Ironically, Firefox is the only browser that had this flaw when Bleichenbacher
originally described it almost 10 years ago.

I'm particularly fond of this bug; it's what started me off down the path of
learning about serious crypto attacks.

------
diafygi
Right now, the most popular phone for Firefox OS is the Intex Cloud FX (the
$33 phone), which was released last month and runs 1.3[1]. However, Mozilla
has said that they are only applying updates to 2.x[2].

This means that their flagship phone that was released only a month ago has a
critical security vulnerability and there are no plans to fix it.
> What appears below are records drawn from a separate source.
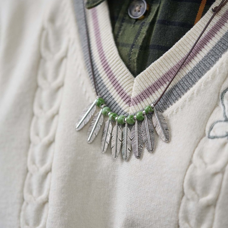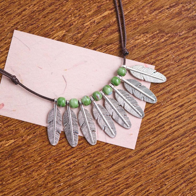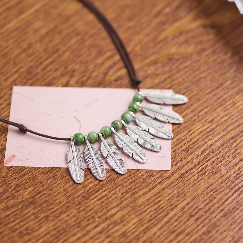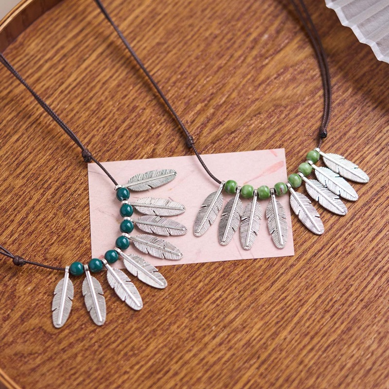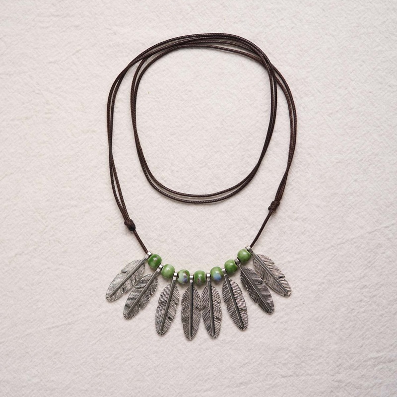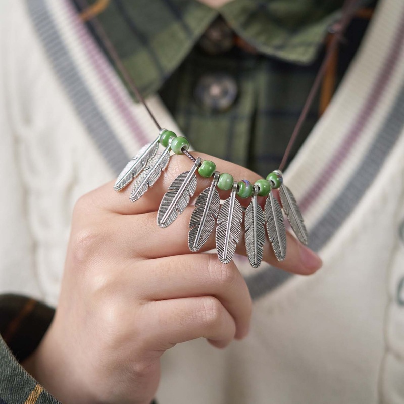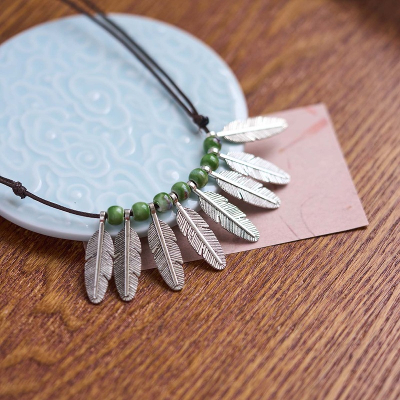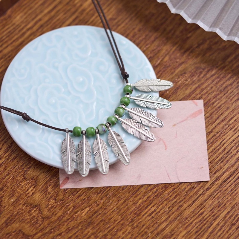 ethnic style jingdezhen ceramic necklace high-grade artistic feather ornaments wholesale national style elements new chinese style necklace
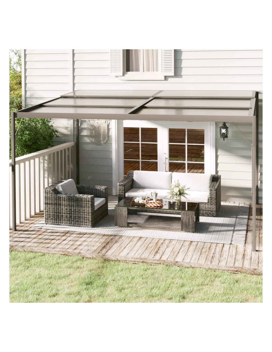 - Telaio robusto: Realizzata in alluminio e acciaio, questa tettoia da giardino è stabile e resistente.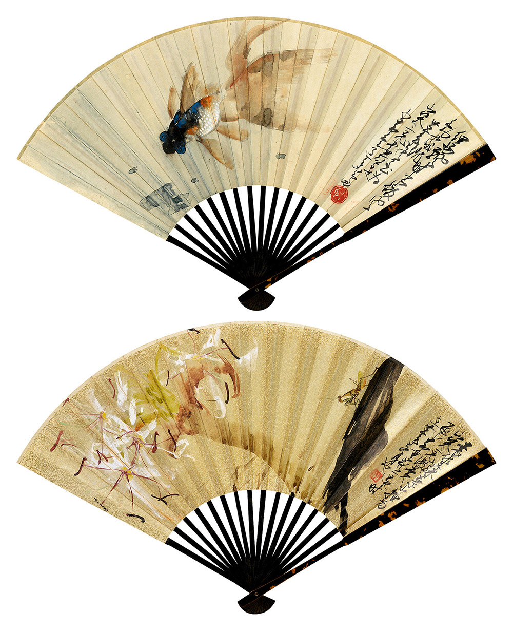 正 面:细雨飘时出,微风动处沉。卅五年冬至,为山笑三兄画箑。少昂重过香岛。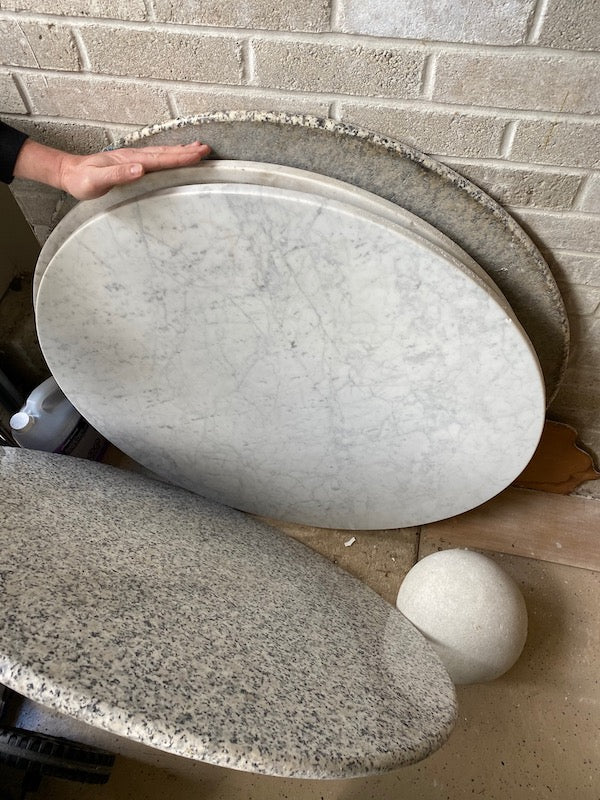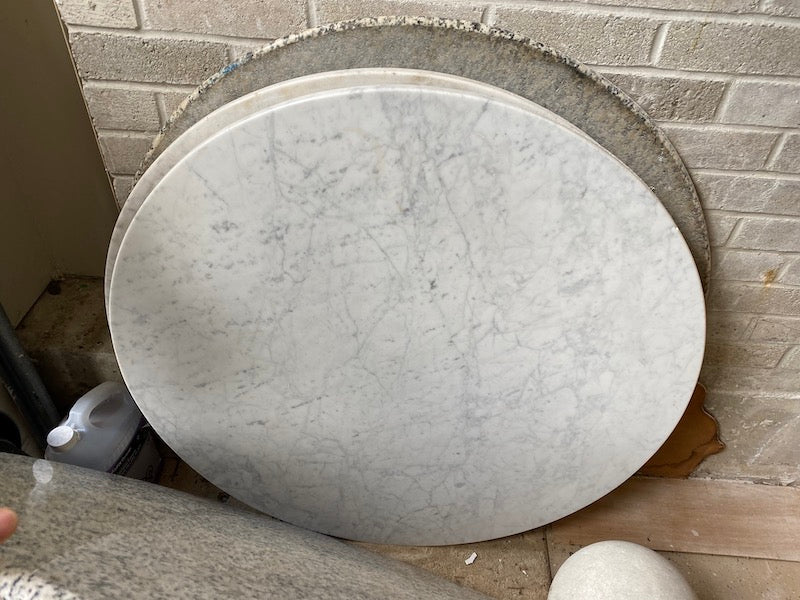 Round Marble Slab (*2 Available). Can be used to make a table top. Comes brand new and is sold as is. No apparent damage.
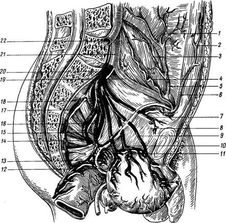 Рис. 230. Пристеночные и внутренностные артерии левой части мужского таза. Мочевой пузырь и прямая кишка отвернуты направо и вниз. / — ветви a. circumflexae ilium profundae к m. transversus abdominis; 2, б — a. epigastrica inferior; 3 - ветви к m. illiacus; 4 - a. testicularis; 5 — a. circumflexa ilium profunda; 7 - a. obtu-ratoria; 8 — a. umbilicalis; 9 - a. vesicalis superior; 10 — добавочная ветвь к мочевому пузырю; 11 — a. vesicalis inferior; 12 — ductus deferens sinister; 13 - vesicula seminalis; 14 — a. rectalis media и ее ветвь a. ductus deferentis; 15 — &. glutea inferior; 16 - a. pudenda interna; 17 - a. sacralis lateralis; /S-a. glutea superior; 19 — 3.. iliaca externa; 20 - a. iliaca interna; 21 - a. iliaca communis sinistra; 22-a. iliaca communis dextra. 1. A. Biolumbalis, подвздошно-поясничная артерия, попадает в fossa iliaca, где анастомозирует с. a. circumflexa Ilii profunda от a. iliaca externa. 2. A. sacralis lateralis, латеральная крестцовая артерия, 3. A. glutea superior, верхняя ягодичная артерия, представ 4. A. obturatoria, запирательная артерия, направляется к за-пирательному отверстию. По выходе из запирательного канала она питает m. obturatorius externus, аддукторы и дает rdmus acetabuldris. Эта последняя через incisura acetabuli проникает в тазобедренный сустав и питает lig. capitis femoris и головку бедренной кости. 5. A. glutea inferior, нижняя ягодичная артерия, проходит через foramen infrapiriforme вместе с a. pudenda interna и п. ischiadicus, которому она дает длинную тонкую веточку — a. cbmitans n. ischiadici. Выйдя из полости таза, a. glutea inferior дает мышечные веточки к ягодичным и другим ближайшим мышцам. Висцеральные ветви a. iliaca interna: 1. A. umbilical is, пупочная артерия, сохраняет у взрослого просвет лишь на небольшом протяжении — от начала до места отхождения от нее верхней пузырной артерии, остальной участок ее ствола до пупка облите-рируется и превращается в lig. umbilicale mediale. 2. Rami ureterki — к мочеточнику (могут отходить от a. umbilicalis). 3. Аа. veskales superior et inferior: верхняя пузырная артерия 4. A. ductus deferentis, артерия семявы носящего протока 5. A. uterina, маточная артерия (у женщин), отходит или от 6. A. rectalis media, средняя прямокишечная артерия, от 7. A. pudenda interna, внутренняя половая артерия, в тазу Наружная подвздошная артерия A. iliaca externa (см. рис. 230), начавшись на уровне крестцово-подвздошного сочленения, тянется вниз и вперед по медиальному краю m. psoas до паховой связки и по выходе на бедро называется бедренной артерией. Кроме веточек к m. psoas, a. iliaca externa дает две

Great work,
Mozilla!

[1] -
[http://www.intexmobile.in/product_detail.aspx?PID=191&PCatID...](http://www.intexmobile.in/product_detail.aspx?PID=191&PCatID=3)

[2] -
[https://www.reddit.com/r/FireFoxOS/comments/2hf13o/security_...](https://www.reddit.com/r/FireFoxOS/comments/2hf13o/security_update_for_all_mozilla_products_released/cks1ivg)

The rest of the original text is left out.